MassMutual Procedures May Dampen 529 Sales

MassMutual Financial’s in-house registered representatives will wear out a little more shoe leather or cut back on selling 529 college savings plans to meet new regulations separating financial planners from securities dealers.

MassMutual Financial’s in-house registered representatives will wear out a little more shoe leather or cut back on selling 529 college savings plans to meet new regulations separating financial planners from securities dealers.

MassMutual’s latest effort to comply with the Securities and Exchange Commission‘s rule 202(a)(11)-1 -- a recent measure requiring brokers to become registered investment advisors before offering financial plans strongly discourages its registered representatives from selling more than one kind of insurance contract or investment per client meeting. MassMutual has not put the ban on cross-selling in writing but the message has been communicated verbally in at least one branch and the firm has altered its proprietary financial planning software for registered representatives without RIA accreditation to block sales presentations displaying more than one insurance contract or investment.

Misleading?

To do so would give the appearance of engaging in financial planning instead of selling investments. Registered representatives who obtained RIA accreditation may continue selling insurance and investments simultaneously, or cross-selling, according to a registered representative at the firm. Mark Cybulski, a spokesman, declined to comment.

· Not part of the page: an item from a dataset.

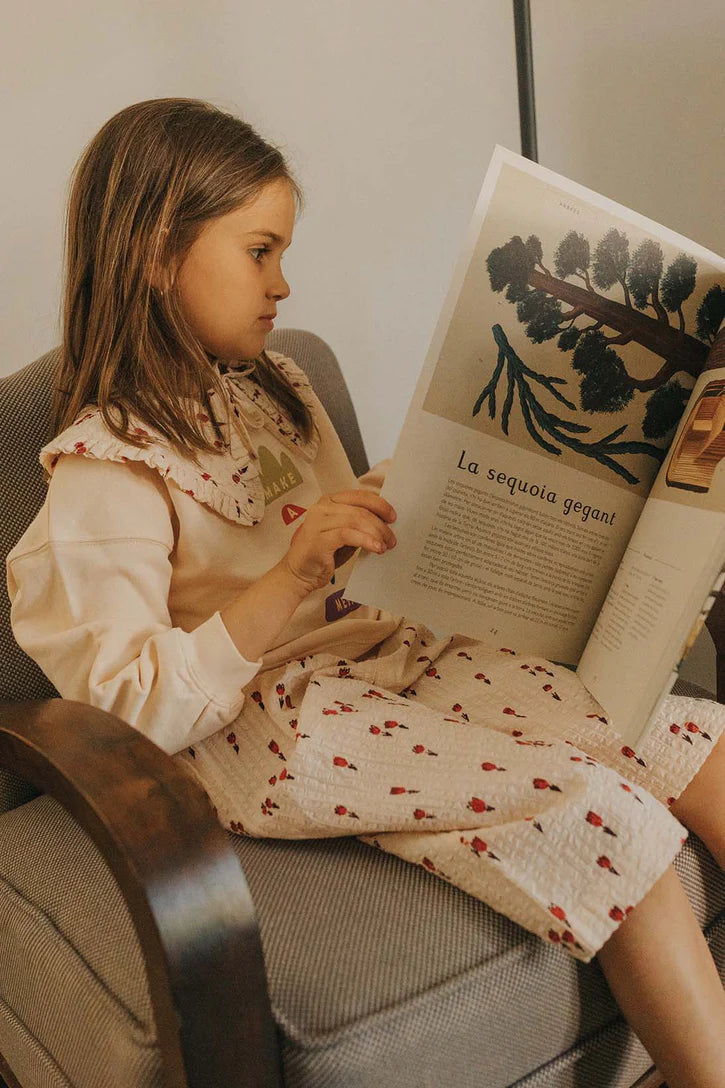 Soft culotte pants with 3/4 length and wide legs made in 100% Cotton. The pants has a hand-drawn floral print all over. The pants has an elastic inside waist. The pants has small pleats at the front below waistband that gives the pants some width. Wear them with a pair of sneakers or in summer with a pair of sandals. The pants has a loose and comfortable fit.

As a result, some registered representatives may choose to make each client visit as profitable as possible by selling insurance or annuities instead of new 529 plans, which initially generate comparatively small commissions. “If someone has a need for life insurance we cannot do the 529 or mutual funds in the same day because we’re not supposed to be doing financial plans,” the rep said.

Many MassMutual registered representatives have postponed becoming RIAs to avoid compliance procedures that occasionally delay sales by up to several weeks. The delays are caused largely by backlogs of financial plans waiting for approval at individual branches before being sent to the home office for another round of inspections, the rep said. Other registered representatives have avoided becoming RIAs because they lack the necessary Series 7 securities license and have no intention of sitting for additional examinations.